EXERCISE REQUIREMENTS.
Within the listing below, give again exactly the lines between the one containing "scanf_s함수에 대한 사용은" and the one containing "白色针织上衣和蓝色牛仔裙的搭配,休闲也多了一些青春活力的日常感。", inclusive, pictures left aside.

RECORDS SHOWN.
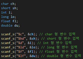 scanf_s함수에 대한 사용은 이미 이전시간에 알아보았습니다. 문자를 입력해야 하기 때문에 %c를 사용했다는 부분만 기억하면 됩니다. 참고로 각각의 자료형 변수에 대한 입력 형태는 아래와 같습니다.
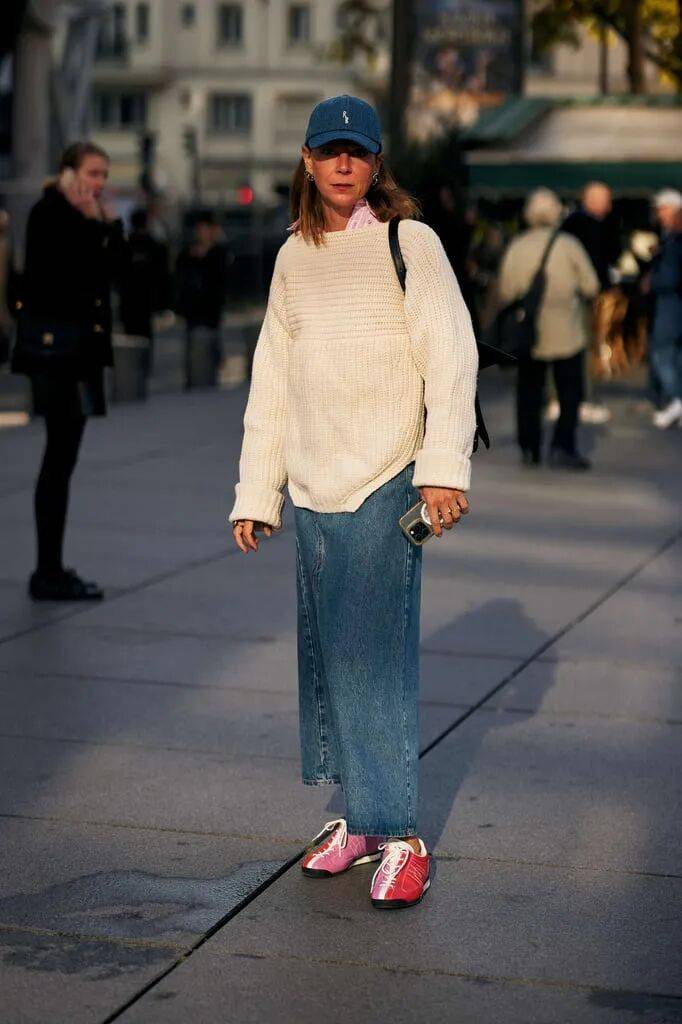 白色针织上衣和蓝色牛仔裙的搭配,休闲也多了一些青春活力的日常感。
...
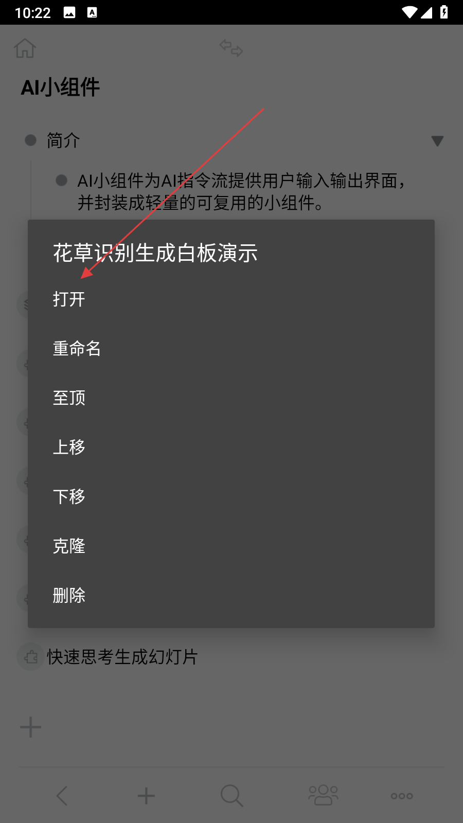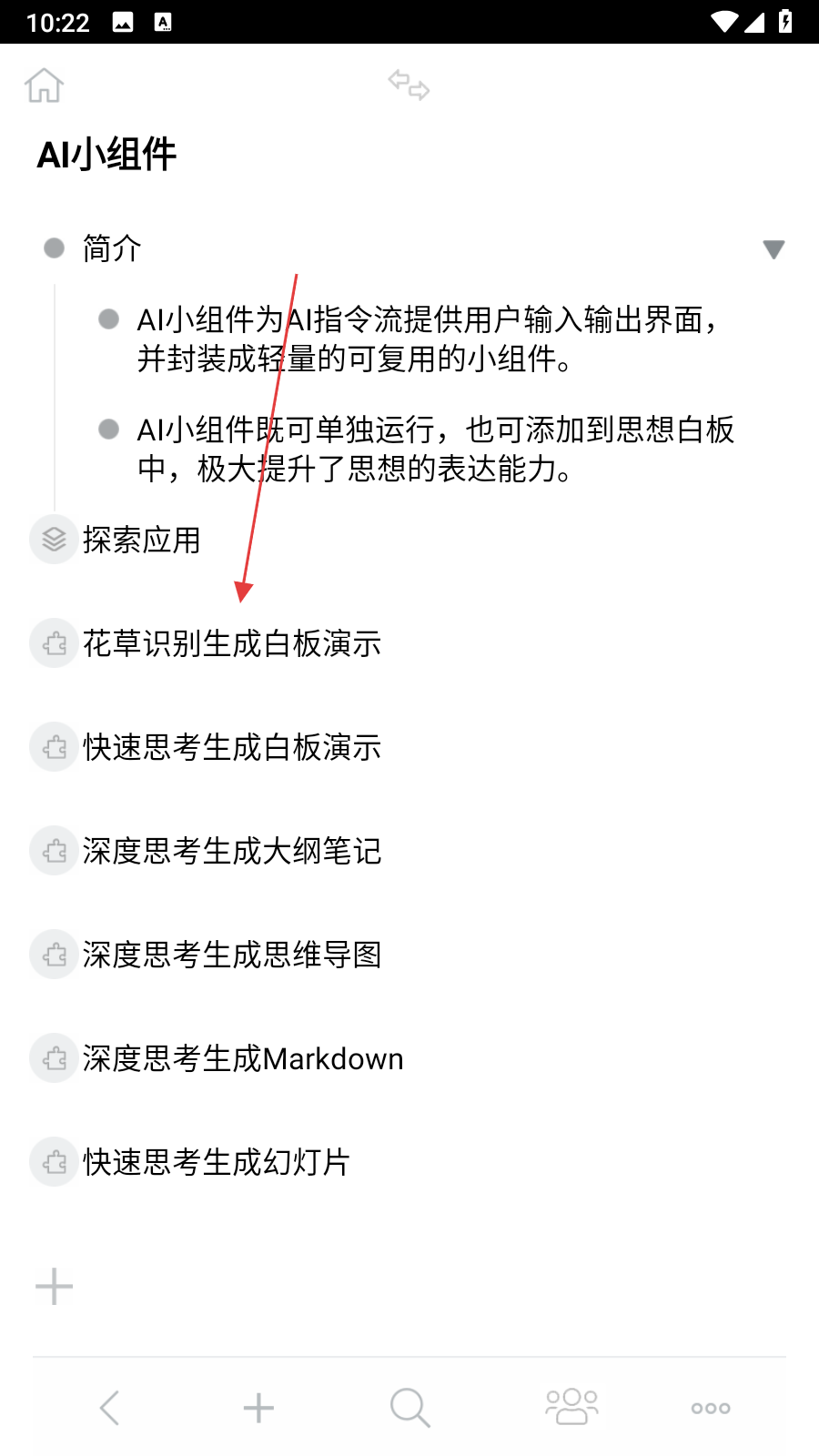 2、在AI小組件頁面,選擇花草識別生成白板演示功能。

YOUR SOLUTION.
 scanf_s함수에 대한 사용은 이미 이전시간에 알아보았습니다. 문자를 입력해야 하기 때문에 %c를 사용했다는 부분만 기억하면 됩니다. 참고로 각각의 자료형 변수에 대한 입력 형태는 아래와 같습니다.
 白色针织上衣和蓝色牛仔裙的搭配,休闲也多了一些青春活力的日常感。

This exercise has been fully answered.